My $ua = lwp::useragent->new; $ua->agent ("mozilla/5.0 (Windows NT 6.1; rv:30.0) gecko/20100101 firefox/30.0 ");
In this way, the browser inside the request header becomes Firefox, and the server will think we are using Firefox.
Do not forget cookies oh.
My $cookie _jar = http::cookies->new (file=> ' lwp_cookies.txt ', autosave=>1, ignore_discard=>1); $ua-> ; Cookie_jar ($cookie _jar);
Then call UserAgent's post and get method and do whatever you want.

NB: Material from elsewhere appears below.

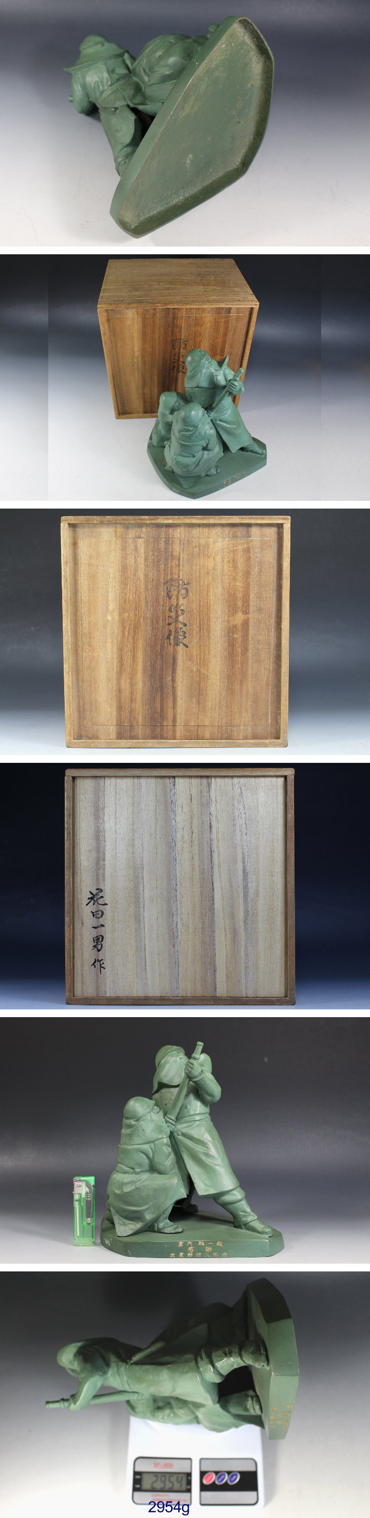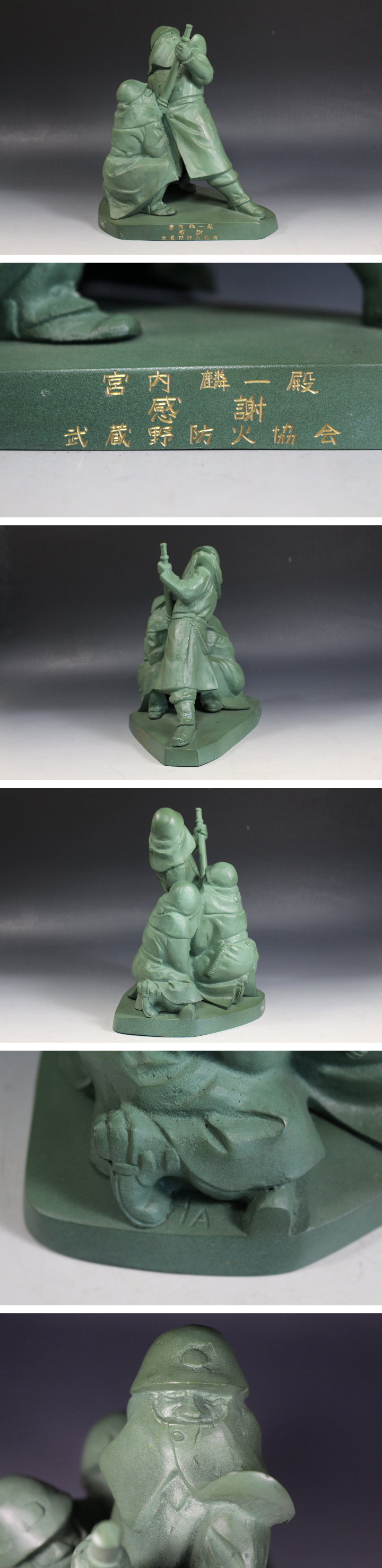 サイズ:高23.0cm 青銅製 花田一男の防災像 共箱です。 三人の消防士の力強さのあふれる逸品です。 裏側に「HA」のサインがあります。 最後の写真は参考写真です。 小さな消防士です。 同じ作者だと思いますがサインがありません。 同時出品しています。 写真をご覧の上ご入札宜しくお願い致します。 ◆花田一男 はなだ-かずお 明治37年(1904)~平成4年(1992) 福岡県豊前市生。 12歳のときに直方に移る。 昭和14年に上京し平櫛田中(芸術院会員)に師事。 その後、その高い実力が認められ日展会員になる。 昭和14年院展初入選。日彫受賞3回。藍綬褒章受章。 | |

If you are not very clear, here is an example of a login for everyone concurrency, a good understanding of it. There are comments:
#!/usr/bin/perl# copyright 2014 tkorays. all rights reserved.# author TKORAYS# EMAIL [EMAIL PROTECTED]USE STRICT;USE WARNINGS;USE LWP;USE LWP:: simple;use lwp::useragent;use http::cookies;use http::headers;use http::response;use encode;use uri::escape;use uri::url;my $email = ' ***@**.com ';my $password = ' * * * ';my $domain = ' renren.com ';my $hostid = ';my $requestToken = ';my $RTK = ";my $channel = ' Renren ';my $ua = LWP::UserAgent->new; $ua->agent (" mozilla/5.0 ( windows nt 6.1; rv:30.0) gecko/20100101 firefox/30.0 ");my $cookie _jar = http::cookies->new ( file=> ' lwp_cookies.txt ', autosave=>1, ignore_discard=>1); $ua->cookie_jar ($cookie _jar);my $login _ url = ' HTTP://WWW.renren.com/plogin.do ';# This does not determine whether the need for verification code, smart you will know how to finish after learning # everyone is post landing, the first parameter is the address of the login, the second parameter is an anonymous Hashmy $res = $ua->post ($login _url,{ ' email ' =>$ email, ' password ' = $password, ' domain ' = $domain});my $homepage; # determine the location within the response header to determine if the login was successful if ($res->header (' location ') eq ' http://www.renren.com/Home.do ') { print ' Login ok ... ', ' \ n '; $homepage = $ua->get (' http:// Www.renren.com/home '); }else{ exit;} # as a welfare, the following or affixed, the state of the bar, the following is not annotated #################################### #if ($homepage->is_success) { my $pagect = $homepage->content; $pagect =~ /id \s:\s "(\d+)"/g; $hostid = $1; $pagect =~ /requesttoken\s:\s ' (. +) '/g; $requestToken = $1; $pagect =~ /_rtk\s:\s ' (. +) '/; $rtk = $1; }else { exit; }my $purl = ' http://shell.renren.com/'. $ HostID. ' /status ';my ($sec, $min, $hour, $day, $mon, $year, $wday, $yday, $ISDST) = localtime (); $year +=1900; $mon ++;my $postret = $ua->post ($purl,{ ' content ' = ' Renren test,by perl script,author:tkorays,date: $year-$mon-$day $hour: $min: $sec. ", ' HostID ' = $hostid, ' requesttoken ' + $requestToken, ' _rtk ' = $RTK, ' channel ' = = $channel}); if ($postret->is_success) { print ' Send ok ... ', ' \ n ';} else{ print ' fuck! ';}
What if I have a verification code? UserAgent get, method to get AH.
Let's give a simple example:
My $res = $ua->get ($url. ' /genimg '); if (! $res->is_success) {return 0; } open (File_handle, ' >img.jpg '); Binmode File_handle; Print File_handle $res->content; Close File_handle;
The above code saves the verification code as a picture. So the verification code problem is solved.
GO
If the problem is solved, will you act quickly?